Entries supplied Block Start

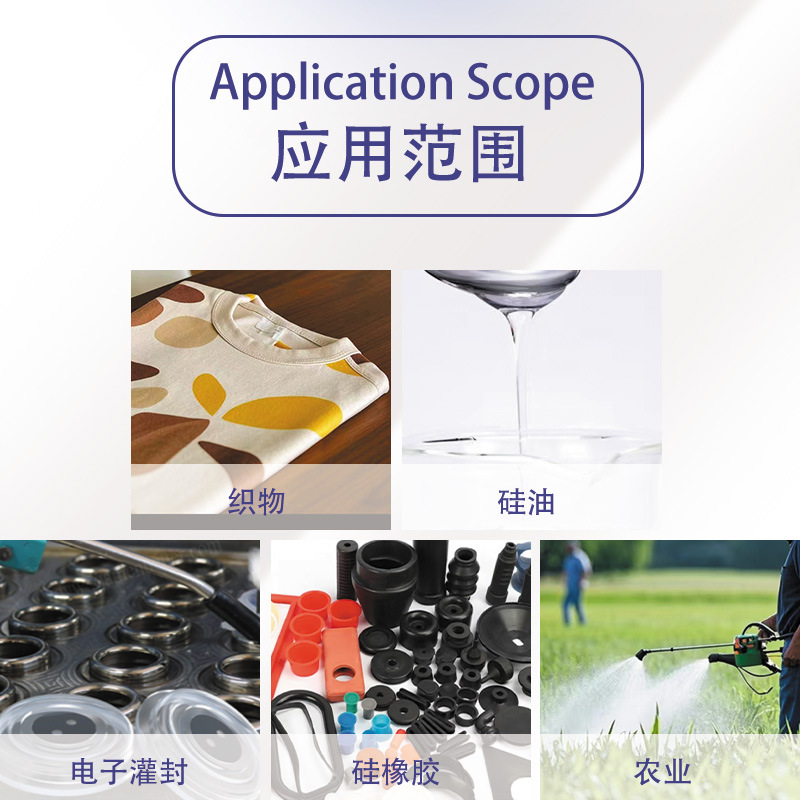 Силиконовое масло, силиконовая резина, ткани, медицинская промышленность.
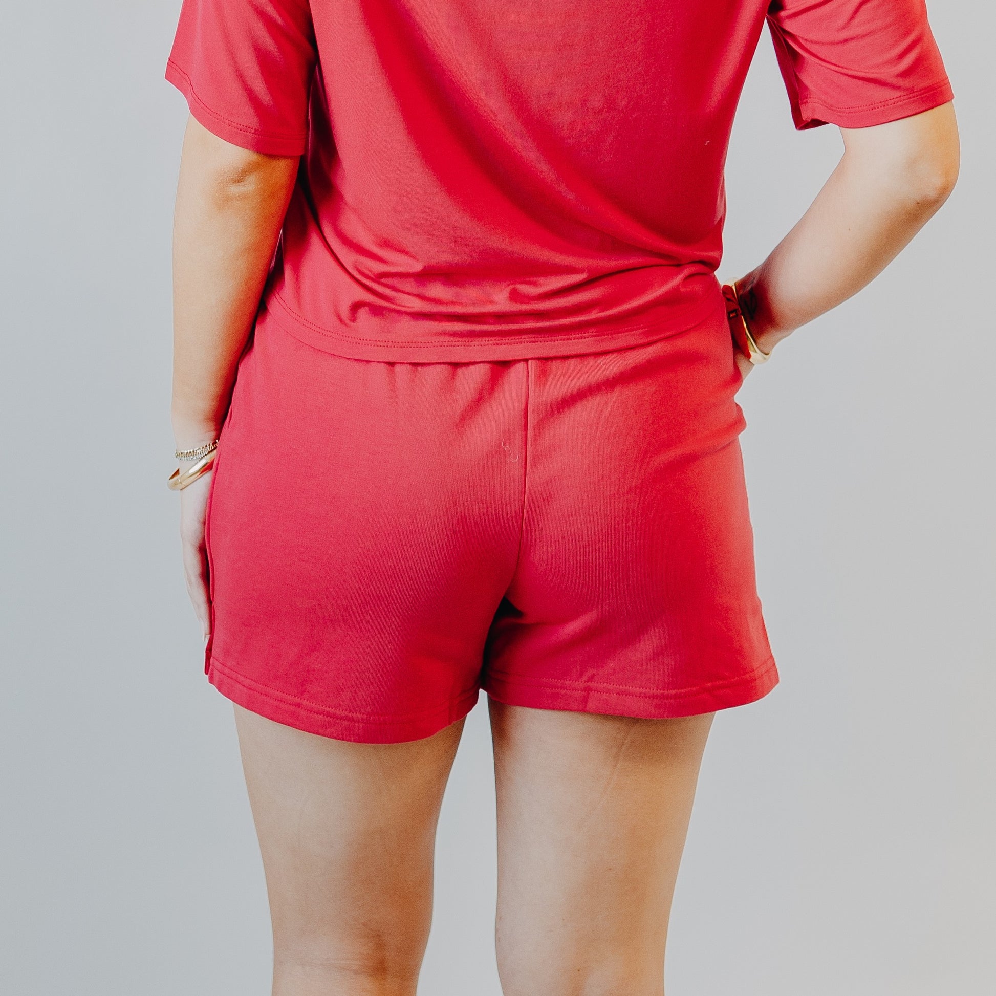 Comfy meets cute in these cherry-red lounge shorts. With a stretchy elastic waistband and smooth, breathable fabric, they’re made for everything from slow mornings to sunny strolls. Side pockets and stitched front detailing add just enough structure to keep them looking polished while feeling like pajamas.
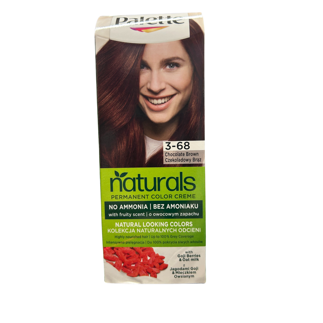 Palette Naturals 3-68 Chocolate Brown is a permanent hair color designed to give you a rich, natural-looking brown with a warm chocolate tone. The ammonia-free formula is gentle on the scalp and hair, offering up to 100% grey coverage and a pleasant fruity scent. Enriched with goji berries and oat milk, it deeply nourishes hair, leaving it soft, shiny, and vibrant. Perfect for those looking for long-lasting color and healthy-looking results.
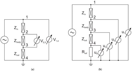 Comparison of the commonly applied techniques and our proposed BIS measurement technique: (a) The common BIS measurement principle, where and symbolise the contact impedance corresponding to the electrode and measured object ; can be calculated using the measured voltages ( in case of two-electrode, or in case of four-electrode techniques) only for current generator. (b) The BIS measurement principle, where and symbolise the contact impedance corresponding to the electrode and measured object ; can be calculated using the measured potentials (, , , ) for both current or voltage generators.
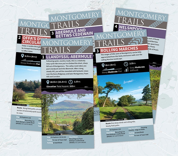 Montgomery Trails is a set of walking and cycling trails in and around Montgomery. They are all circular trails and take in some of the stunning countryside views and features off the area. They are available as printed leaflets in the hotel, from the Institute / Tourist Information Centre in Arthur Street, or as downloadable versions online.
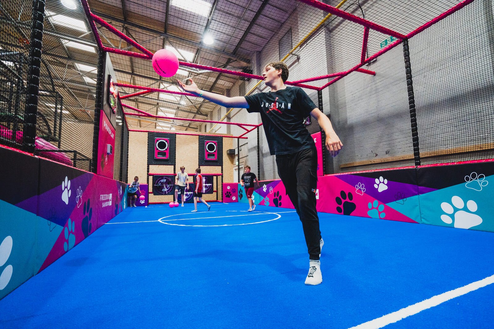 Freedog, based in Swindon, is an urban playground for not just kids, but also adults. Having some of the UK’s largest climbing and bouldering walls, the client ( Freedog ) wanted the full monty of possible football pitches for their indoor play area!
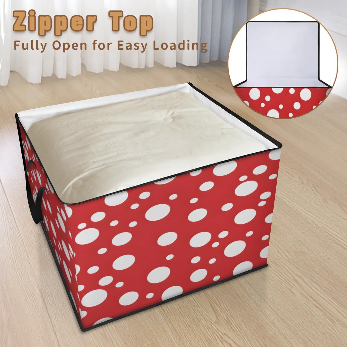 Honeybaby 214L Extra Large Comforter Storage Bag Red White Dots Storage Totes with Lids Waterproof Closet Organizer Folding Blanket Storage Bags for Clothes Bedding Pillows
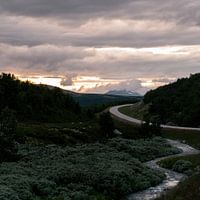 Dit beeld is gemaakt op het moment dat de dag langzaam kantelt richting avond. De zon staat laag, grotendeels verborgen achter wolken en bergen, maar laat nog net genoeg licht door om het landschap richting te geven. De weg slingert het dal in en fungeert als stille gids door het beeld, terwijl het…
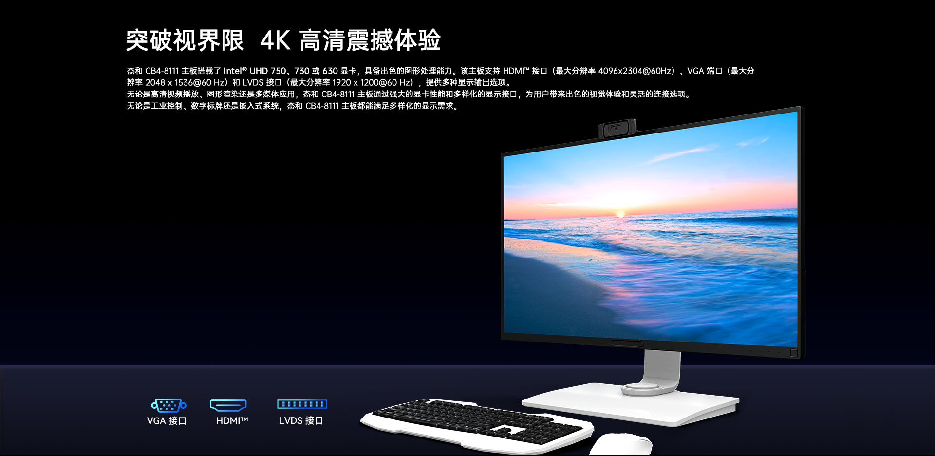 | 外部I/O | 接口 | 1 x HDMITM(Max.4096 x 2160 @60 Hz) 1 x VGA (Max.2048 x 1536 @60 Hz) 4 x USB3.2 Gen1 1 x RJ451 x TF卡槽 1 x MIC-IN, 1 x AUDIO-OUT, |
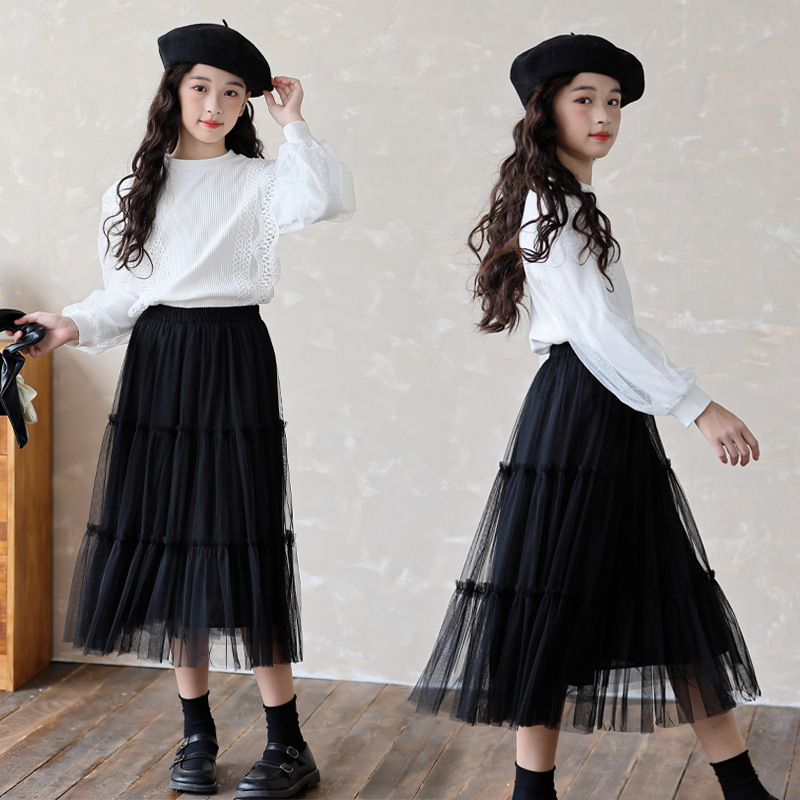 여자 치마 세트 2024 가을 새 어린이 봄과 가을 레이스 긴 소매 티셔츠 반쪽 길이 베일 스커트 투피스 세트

Entries supplied Block End

Exercise aim: Exactly as they appear, print the lines of the listing above from its first line through the line that contains "Comfy meets cute", minus the pictures.

Response to this exercise:
 Силиконовое масло, силиконовая резина, ткани, медицинская промышленность.
 Comfy meets cute in these cherry-red lounge shorts. With a stretchy elastic waistband and smooth, breathable fabric, they’re made for everything from slow mornings to sunny strolls. Side pockets and stitched front detailing add just enough structure to keep them looking polished while feeling like pajamas.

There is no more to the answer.